The adult business owners argued that Kennedy’s opinion established a heightened proportionality requirement. In other words, the government could not combat second effects simply decreasing the amount of speech. The business owners contended that was exactly what Arizona did, especially considering that the businesses do a great deal of trade in the wee hours.

But the Ninth Circuit held that Kennedy’s proportionality test applied only to “place” restrictions, such as the one in Alameda Books. “[T]he application of Justice Kennedy’s proportionality analysis to this particular type of second effects law would invalidate all such laws, and we are satisfied that he never intended such a result,” Judge Diarmuid O’Scannlain wrote for the court.

The court then applied the Renton test to the Arizona law. The court found that the law did not ban protected speech, was concerned with secondary effects of the businesses and allowed “ample alternative channels for communication” by permitting the businesses to operate 17 hours a day Monday through Saturday and 13 hours on Sunday.

The court also considered the evidence on which lawmakers relied to adopt the regulation. The court conceded that the record “is a slim one” but that it compared favorably with the evidence considered in other cases in which other federal circuit courts have upheld time restrictions.

“The question is whether the Arizona legislature relied on evidence ‘reasonably believed to be relevant’ in demonstrating a connection between its stated rationale and the protected speech, and we hold that it has done that here,” O’Scannlain wrote. “The Arizona Senate and House held public hearings at which lawmakers heard citizen testimony concerning the late night operation of sexually-oriented businesses and were briefed on several studies documenting secondary effects, and two of those studies were specific to late night operations.” Moreover, the business owners failed to show that the state’s approach or evidence were faulty.

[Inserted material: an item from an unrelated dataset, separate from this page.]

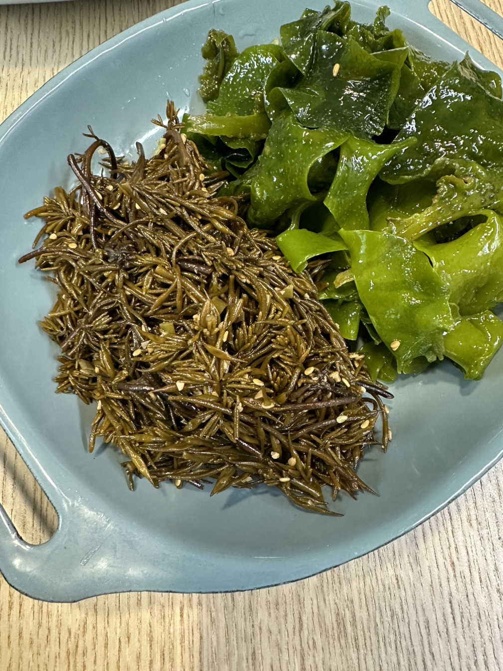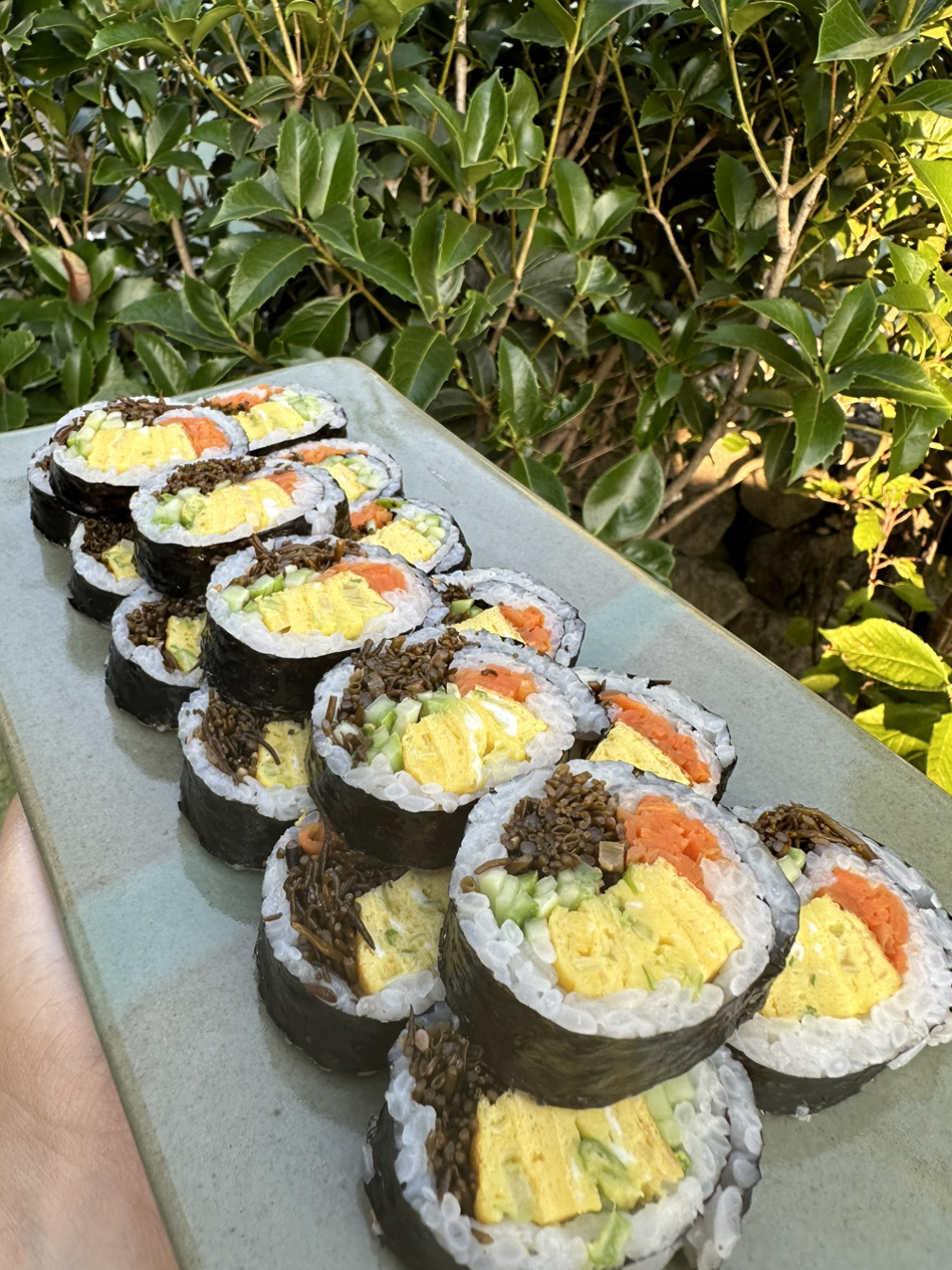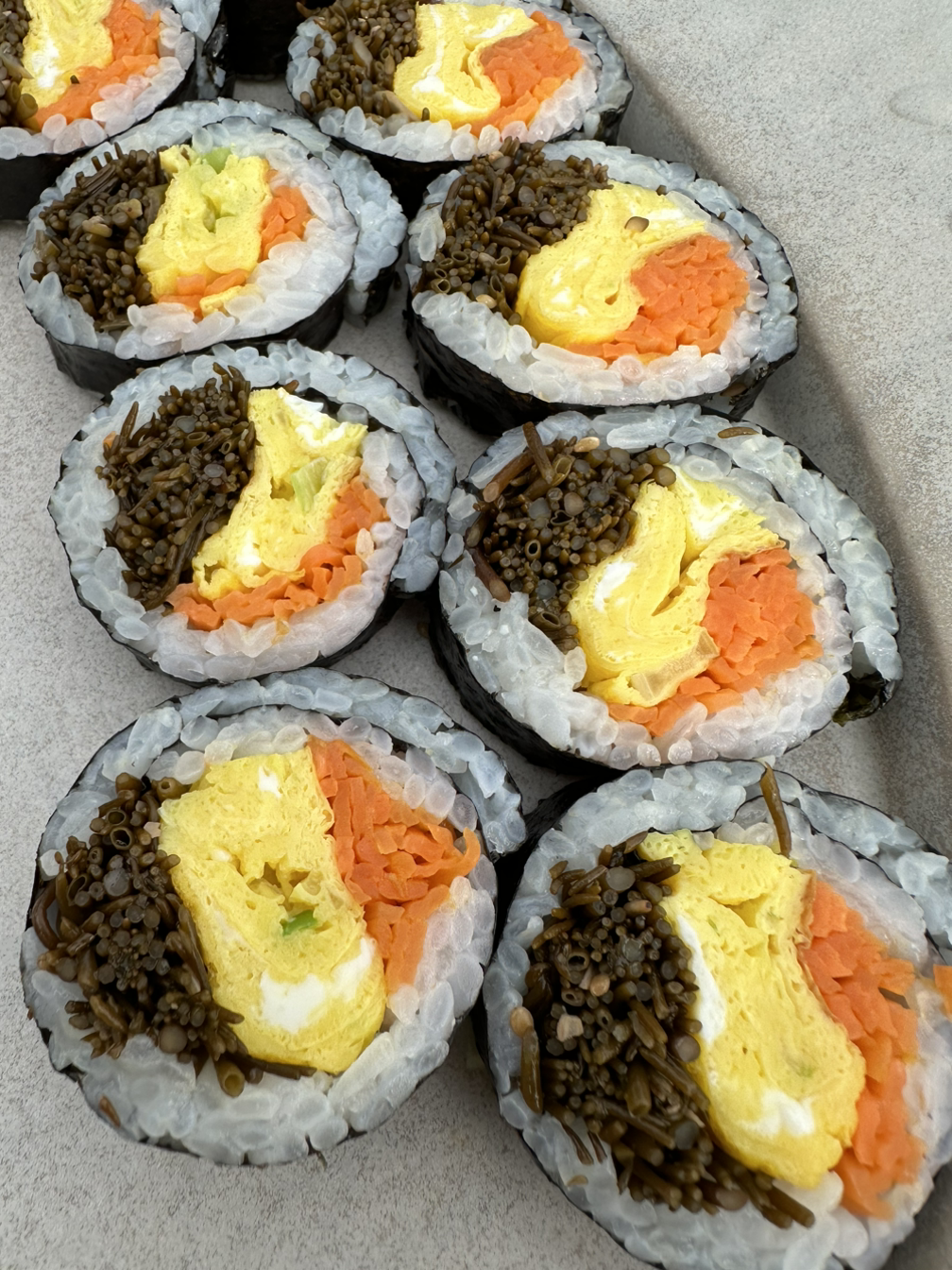 톳조림이 입에서 터지는 소리다. 제주에 와서 친숙해진 식재료 중 하나인 톳은 김밥 속재료로 넣었을 때 매력이 더 올라간다. 서울에서 자주 가던 김밥집의 시그니처 메뉴가 꼬시래기 김밥이었는데 바로 거기에서 영감을 얻었다.

In his dissent, Justice William Canby Jr. said the court could not carve out an exception to Kennedy’s proportionality analysis.

“Justice Kennedy has informed us that ‘a city may not attack secondary effects indirectly by attacking speech,’” Canby wrote. “A government similarly may not proceed on a theory that ‘it will reduce secondary effects by reducing speech in the same proportion.’ It would be hard to find a more exact description than this of Arizona’s closing hour regulation of adult entertainment establishments.”

Canby also decried the record on which the law was based, particularly the “total absence of evidence anywhere in the record to support the existence of disproportionate secondary effects from operation on Sunday mornings before noon.”

The Case:
Center for Fair Public Policy v. Maricopa County, Nos. 00-16858 and 00-16905, 03 C.D.O.S. 6603, 2003 DJDAR 8308.